Issu du monde bancaire, depuis longtemps sensibilisé aux enjeux du développement durable, Garrett Nixon a lancé en 2020, un projet de reconversion professionnelle pour s’y consacrer pleinement. Il a ensuite franchi le pas privé / public, et rejoint le Département en tant que Chargé de mission RSE le 1er septembre 2022. Une fonction qui s’intéresse principalement au volet socio-économique de la Responsabilité sociétale à travers le prisme de l’emploi et de l’inclusion professionnelle. Interview.
Pour quelles raisons le Département se préoccupe-t-il de la RSE ?
La Responsabilité Sociétale des Entreprises (RSE) repose traditionnellement sur un triptyque : environnement, social et économie.
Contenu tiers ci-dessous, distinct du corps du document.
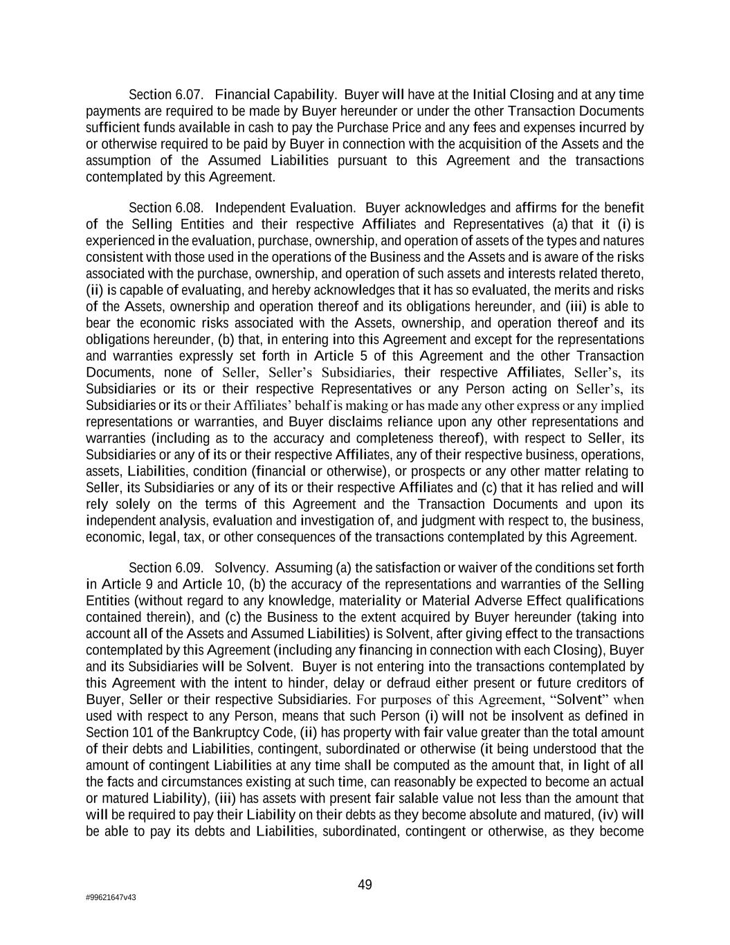 49 #99621647v43 Section 6.07. Financial Capability. Buyer will have at the Initial Closing and at any time payments are required to be made by Buyer hereunder or under the other Transaction Documents sufficient funds available in cash to pay the Purchase Price and any fees and expenses incurred by or otherwise required to be paid by Buyer in connection with the acquisition of the Assets and the assumption of the Assumed Liabilities pursuant to this Agreement and the transactions contemplated by this Agreement. Section 6.08. Independent Evaluation. Buyer acknowledges and affirms for the benefit of the Selling Entities and their respective Affiliates and Representatives (a) that it (i) is experienced in the evaluation, purchase, ownership, and operation of assets of the types and natures consistent with those used in the operations of the Business and the Assets and is aware of the risks associated with the purchase, ownership, and operation of such assets and interests related thereto, (ii) is capable of evaluating, and hereby acknowledges that it has so evaluated, the merits and risks of the Assets, ownership and operation thereof and its obligations hereunder, and (iii) is able to bear the economic risks associated with the Assets, ownership, and operation thereof and its obligations hereunder, (b) that, in entering into this Agreement and except for the representations and warranties expressly set forth in Article 5 of this Agreement and the other Transaction Documents, none of Seller, Seller’s Subsidiaries, their respective Affiliates, Seller’s, its Subsidiaries or its or their respective Representatives or any Person acting on Seller’s, its Subsidiaries or its or their Affiliates’ behalf is making or has made any other express or any implied representations or warranties, and Buyer disclaims reliance upon any other representations and warranties (including as to the accuracy and completeness thereof), with respect to Seller, its Subsidiaries or any of its or their respective Affiliates, any of their respective business, operations, assets, Liabilities, condition (financial or otherwise), or prospects or any other matter relating to Seller, its Subsidiaries or any of its or their respective Affiliates and (c) that it has relied and will rely solely on the terms of this Agreement and the Transaction Documents and upon its independent analysis, evaluation and investigation of, and judgment with respect to, the business, economic, legal, tax, or other consequences of the transactions contemplated by this Agreement. Section 6.09. Solvency. Assuming (a) the satisfaction or waiver of the conditions set forth in Article 9 and Article 10, (b) the accuracy of the representations and warranties of the Selling Entities (without regard to any knowledge, materiality or Material Adverse Effect qualifications contained therein), and (c) the Business to the extent acquired by Buyer hereunder (taking into account all of the Assets and Assumed Liabilities) is Solvent, after giving effect to the transactions contemplated by this Agreement (including any financing in connection with each Closing), Buyer and its Subsidiaries will be Solvent. Buyer is not entering into the transactions contemplated by this Agreement with the intent to hinder, delay or defraud either present or future creditors of Buyer, Seller or their respective Subsidiaries. For purposes of this Agreement, “Solvent” when used with respect to any Person, means that such Person (i) will not be insolvent as defined in Section 101 of the Bankruptcy Code, (ii) has property with fair value greater than the total amount of their debts and Liabilities, contingent, subordinated or otherwise (it being understood that the amount of contingent Liabilities at any time shall be computed as the amount that, in light of all the facts and circumstances existing at such time, can reasonably be expected to become an actual or matured Liability), (iii) has assets with present fair salable value not less than the amount that will be required to pay their Liability on their debts as they become absolute and matured, (iv) will be able to pay its debts and Liabilities, subordinated, contingent or otherwise, as they become
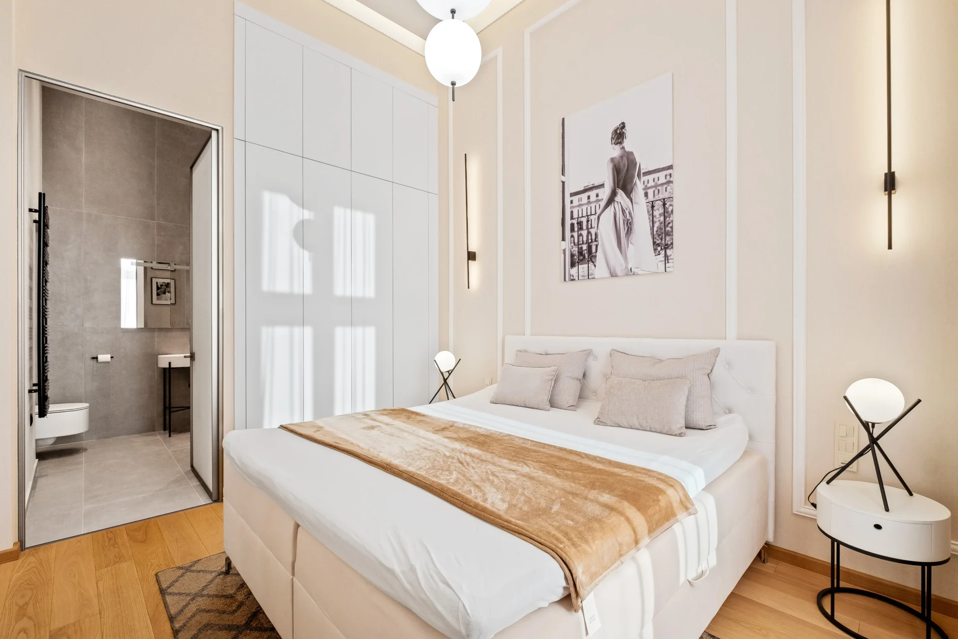 2 elegáns hálószoba, mindegyik saját fürdőszobával, a tökéletes magánélet és kényelem érdekében.
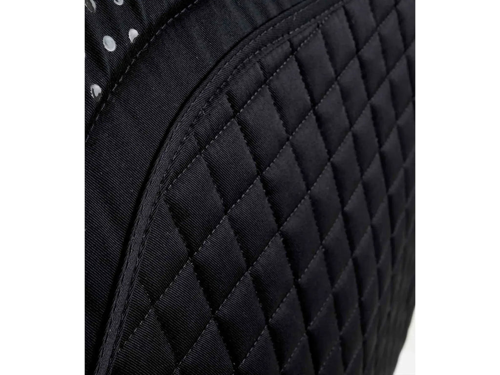 Patterned stitching on the quilted lower section gives the pad an exclusive look and feel. A 600 denier polyester girth panel provides anti-rub protection and our adjustable Velcro girth straps and adjustable D loop straps allow you to easily secure and adjust the pad to your saddle. The perfect anti-slip dressage square for everyday or competition use.
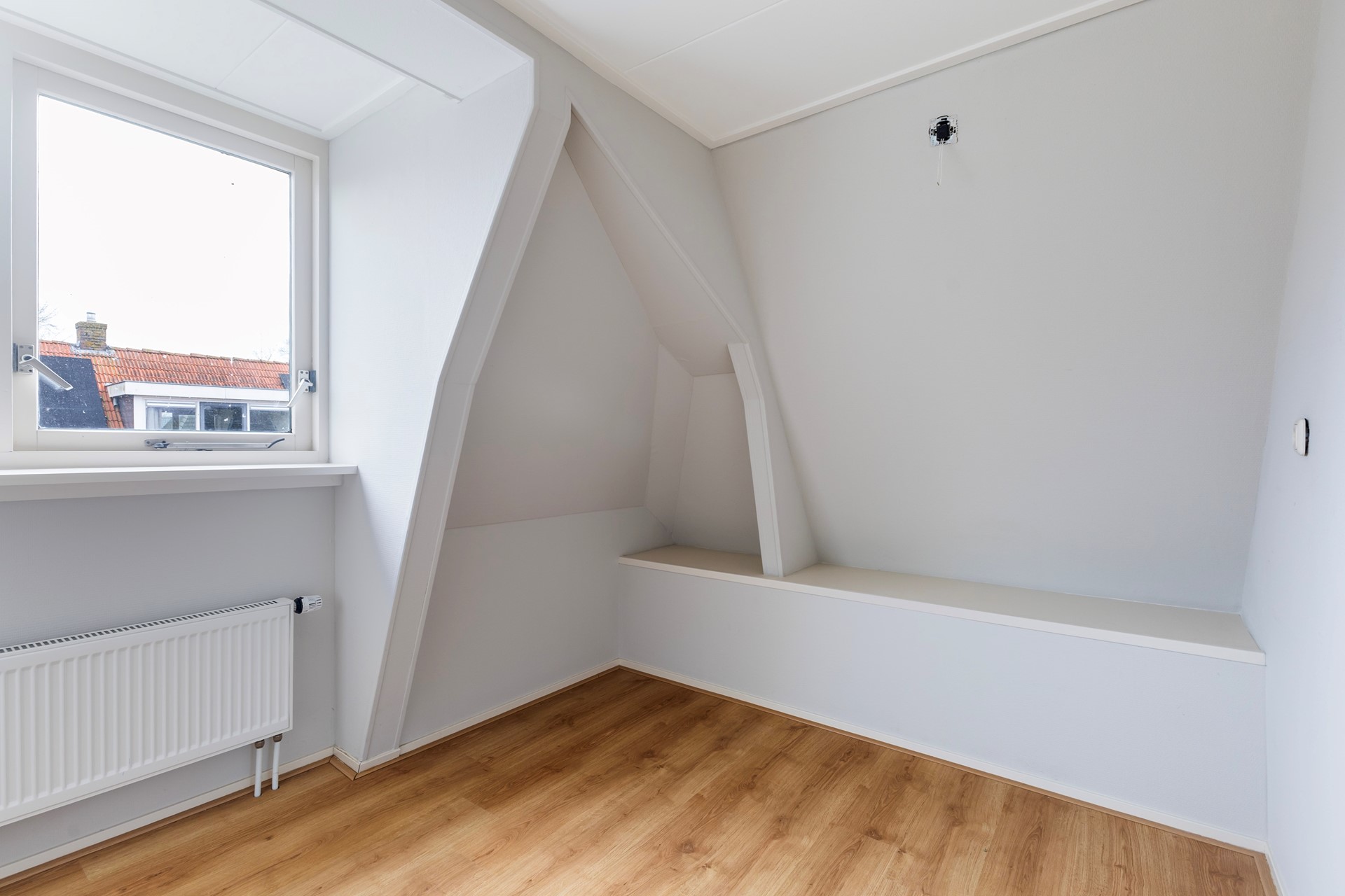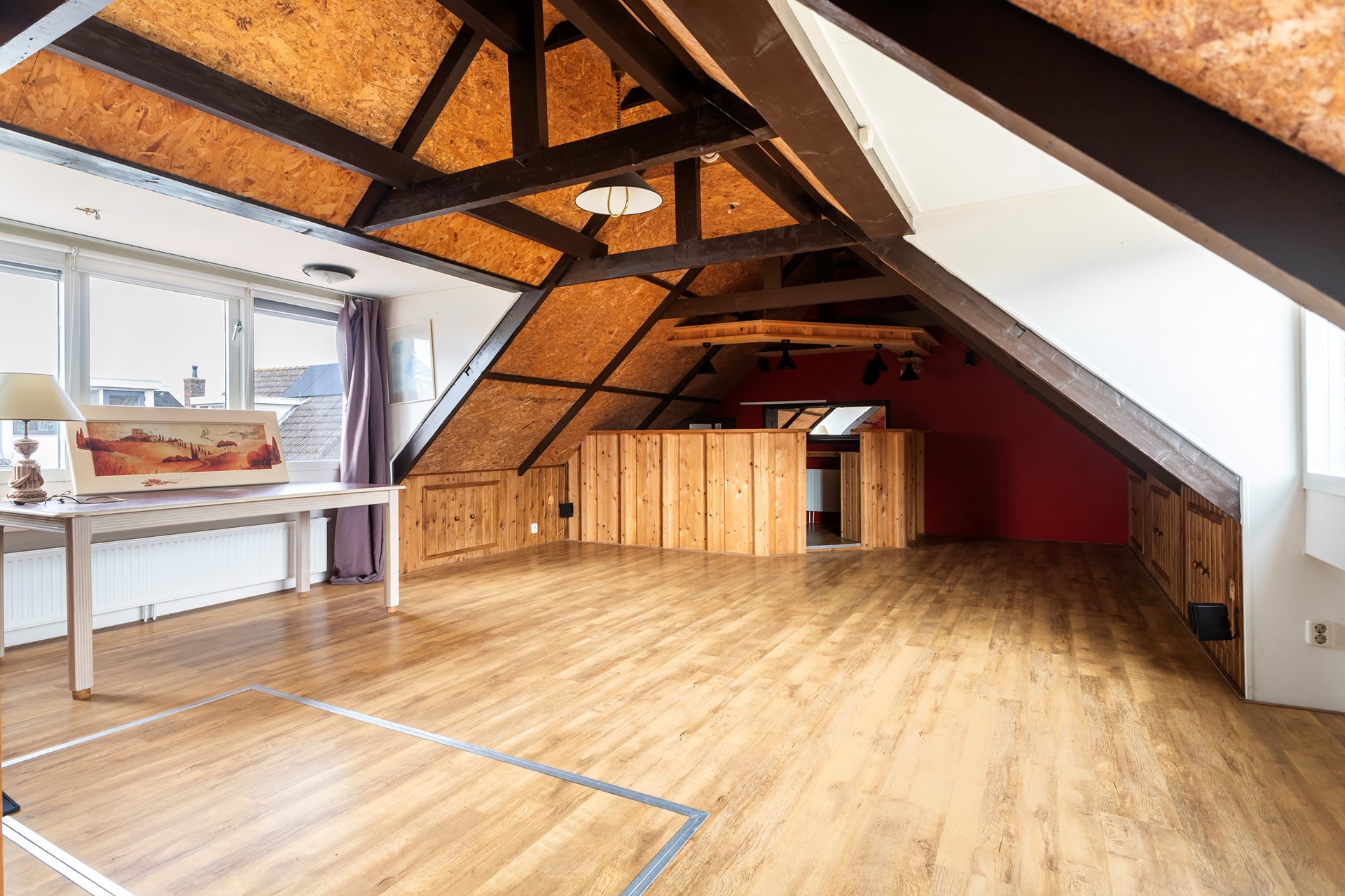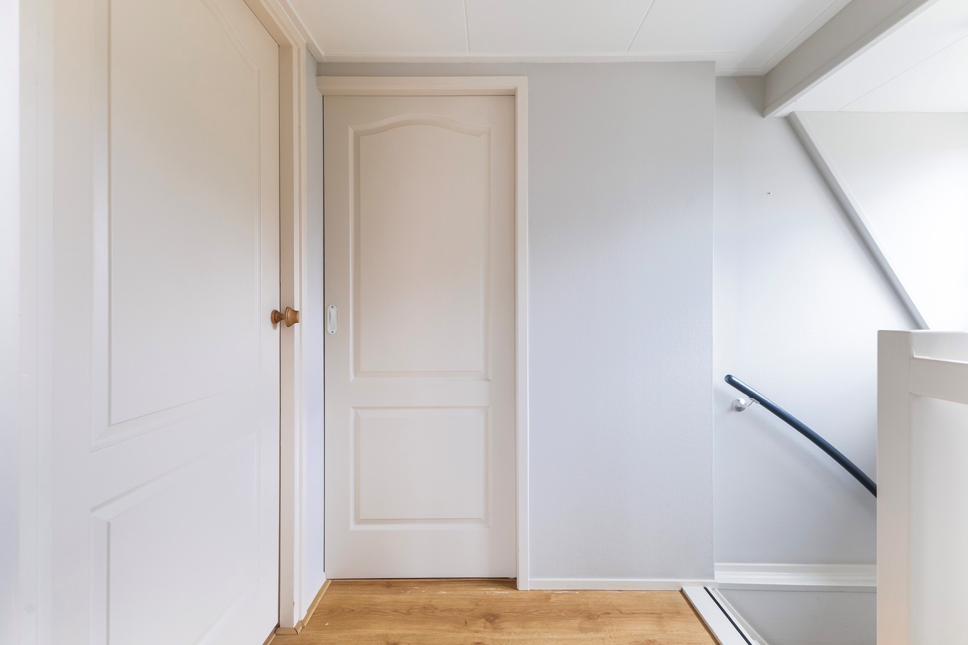 Op de verdieping bevinden zich drie slaapkamers en een overloop. De kamers variëren in grootte en zijn geschikt als slaap-, werk- of hobbyruimte. Door de schuine kap en indeling hebben de kamers een speels karakter. Eén van de slaapkamers is voorzien van praktische vaste kasten, wat zorgt voor veel handige opbergruimte en een nette uitstraling. Een andere slaapkamer biedt directe toegang tot het platte da
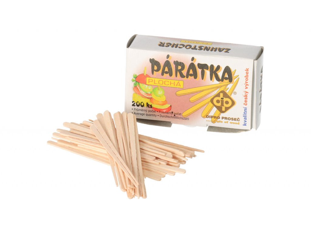 Drevené špáradlá vyrobené z brezy balené v papierovej krabičke obsahujúcej 200 ks.
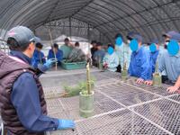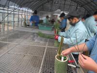 12月4日(木)に鏡町に在住の黒木直志様を講師にお招きして、農業科2・3年生14人がしめ縄作りを行いました。2年生は初めてのしめ縄作りでしたが、講師の方に手伝ってもらったり、先輩と協力したりしながら楽しく取り組むことができました。3年生は2回目の製作でした。準備の段階から藁を叩く強さや結び方などを徐々に思い出してきたようで、手際よく製作することができました。形を整えたり、飾りを付けたりしていくとどんどん豪華になっていき、実際に自分の家の玄関に飾ることを想像しながら作り上げていくことができました。学校用のしめ縄作りでは、3m程のしめ縄を作りました。みんなでボサボサとはみ出している藁を切ったり、バランスを整えたりしました。今年もしめ縄作りを通して日本の風習や意味などを知ることができました。自分たちで製作したしめ縄を玄関に飾り、よいお正月にしてもらいたいと思います。
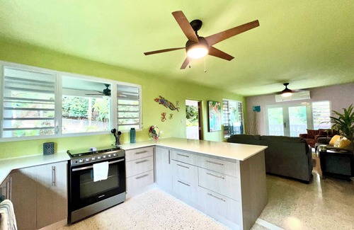 Completely Remodeled Home in Ceiba, Mountain Side, beautiful views!! Close to Luquillo, Farjado, Humacao, 5 Minutes Puerto Del Rey Marina, 45 min. to Airport another 10+ to San Juan. Minutes to Ceiba Ferry, takes you to Vieques & Culebra Islands! Our Mountain home is very peaceful, private, with lush plants & trees year round & protect by an electric gate! Plenty of parking space. HUGE kitchen, new beds, sheets, towels, furniture, outdoor dining. NEW Generator, Water Cistern/ AC! Once you come thru the gate to enter, you will have plenty of room to park. You will be greeted by our care takers of the property. They are there if you need anything, they live the in apartment downstairs. They speak spanish but can translate English. There is a locked gate to go upstairs where you will stay. The house will be cleaned and ready for you. We have some beach toys, chairs & a cooler you will need to check out before using. We have internet & smart tv’s in every room! If you need help with booking a car, we have a great connection!

Le Conseil Départemental agit déjà sur le premier volet dans le cadre de son plan de transition écologique, déployé notamment à la suite de son bilan carbone. Ma mission se concentre donc sur les deux autres aspects, afin de donner davantage de visibilité et de structurer une démarche déjà existante, que ce soit via ses stratégies emploi « L’Emploi d’abord » ou alimentaire « Manger mieux, manger drômois ». Appréhender les volets sociaux/sociétaux de la RSE suppose une approche multipartite : c’est en développant les synergies entre tous les acteurs du territoire que nous réussirons à renforcer les solidarités et à assurer l’égalité des chances. Au final, la RSE a pour but de créer de la « valeur partagée » et faire converger les intérêts des entreprises avec ceux de la collectivité et des citoyens. C’est pourquoi la démarche est fondamentale. (Lire la suite de l’article)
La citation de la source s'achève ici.